The skills of software configuration management aren’t easy to come by, and it’s not easy to develop them. No software could replace what you know and how you do it. What it can do is make all of what you’re already doing that much easier. If your shop is already responsible for deploying infrastructure upgrades, automation of that capability doesn’t render you useless, it means that you become responsible for monitoring that automation.

Consider owning a car. With a car, you automate getting to work. Before cars: you walked. With automation, you don’t have to get tired feet or take several hours to get to work! Automation of software configuration management is like that: you won’t have to walk anymore, you can drive to where you’re going.

2. Someone has to maintain the car

Someone will have to drive that car! Automating the trip to work didn’t eliminate the need to get to work, it simplified the process for getting there and shortened the overall requirement. But a skilled operator (in fact, a more skilled operator) is still needed to get from home to work.

For example, Chef can also provide high-level health information about the whole estate. Automation gets rid of the need to manually search out, identify, and record the data about nodes and servers — no more crawling through reams of data to update the quarterly report. Now everything that you need is found for you — but what it doesn’t do is explain it. The software can only identify data you tell it to find, but it can’t understand it, and it certainly can’t explain it.
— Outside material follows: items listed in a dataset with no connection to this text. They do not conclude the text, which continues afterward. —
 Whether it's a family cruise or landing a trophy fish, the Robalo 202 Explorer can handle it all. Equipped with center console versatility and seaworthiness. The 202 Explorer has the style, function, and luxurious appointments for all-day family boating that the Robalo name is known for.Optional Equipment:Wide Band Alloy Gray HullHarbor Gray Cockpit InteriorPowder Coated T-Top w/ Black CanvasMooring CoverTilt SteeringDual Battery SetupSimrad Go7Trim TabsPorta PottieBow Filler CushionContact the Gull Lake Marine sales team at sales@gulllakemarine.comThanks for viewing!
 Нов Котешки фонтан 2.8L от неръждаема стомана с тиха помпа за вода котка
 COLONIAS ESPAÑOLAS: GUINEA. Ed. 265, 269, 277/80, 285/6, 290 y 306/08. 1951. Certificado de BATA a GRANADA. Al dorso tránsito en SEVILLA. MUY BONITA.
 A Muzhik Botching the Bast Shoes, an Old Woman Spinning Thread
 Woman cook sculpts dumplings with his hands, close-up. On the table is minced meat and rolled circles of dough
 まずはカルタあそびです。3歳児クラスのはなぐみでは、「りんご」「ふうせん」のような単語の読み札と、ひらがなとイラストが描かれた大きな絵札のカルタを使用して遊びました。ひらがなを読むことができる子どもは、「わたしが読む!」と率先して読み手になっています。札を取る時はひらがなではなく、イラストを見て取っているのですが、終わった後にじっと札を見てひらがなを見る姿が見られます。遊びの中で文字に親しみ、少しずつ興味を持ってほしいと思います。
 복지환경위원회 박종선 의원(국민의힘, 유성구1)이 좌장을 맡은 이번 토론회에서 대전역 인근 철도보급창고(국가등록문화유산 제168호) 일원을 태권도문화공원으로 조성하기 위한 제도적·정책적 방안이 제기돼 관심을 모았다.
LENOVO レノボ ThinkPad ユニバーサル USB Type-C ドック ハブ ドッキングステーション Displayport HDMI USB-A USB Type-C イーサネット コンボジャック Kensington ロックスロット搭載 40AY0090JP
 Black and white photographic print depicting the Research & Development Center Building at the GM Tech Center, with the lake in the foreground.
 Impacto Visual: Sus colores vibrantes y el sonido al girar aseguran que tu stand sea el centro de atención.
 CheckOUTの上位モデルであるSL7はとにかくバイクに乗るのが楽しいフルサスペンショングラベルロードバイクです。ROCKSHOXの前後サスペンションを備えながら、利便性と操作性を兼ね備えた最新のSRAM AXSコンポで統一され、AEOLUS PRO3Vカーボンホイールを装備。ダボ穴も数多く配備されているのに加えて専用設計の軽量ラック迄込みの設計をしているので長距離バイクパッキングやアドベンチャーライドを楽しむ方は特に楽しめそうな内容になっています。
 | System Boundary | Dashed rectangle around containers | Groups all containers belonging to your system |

Automation software might enable someone to simply select an option that verifies nodes are checking in successfully, but what about when one of them doesn’t? Now the real work begins: Fixing the node that got identified thanks to automation. You don’t have to do the mundane legwork of identifying and diagnosing failures, instead, you can apply the IT skills you’ve got to get into the actual work of resolving, contextualizing and handling the issue (and then taking the credit for it).

3. The car might not have cruise control

Automation is a double-edged sword for sysadmins and techs. We all know the comfort of repetitive, mundane jobs. Manual patching, configuration updates, and service installations for every server can take a long time! And wouldn’t it be a shame if it took all day to figure out what had gone wrong while disappearing into the racks?

Automation tends to line up all our tasks in a row so we can knock them all out. But it also means that the problems are more quickly identified and solutions are better-defined. That leaves out a lot of wiggle room.

Not needing to manually configure or install OS updates means that all the time you were spending walking row after row you can now use to come up with better security configurations — or finally tackle the code review & approval that’s on the to-do. Turning over mundane tasks to automation frees up hard, clever workers to prove their worth and test their mettle. That should be exciting!

Final Thoughts

Automation means change, that much is guaranteed. What it doesn’t mean is anything bad for you. As a skilled sysadmin, your position won’t become less valuable with automation – it’ll become more valuable. Automation guarantees that your company can do more with the network and infrastructure that it has, and you’ll be freed up to do more of it. Automation is a rising tide, and you’d be wise to get a boat and ride this one out.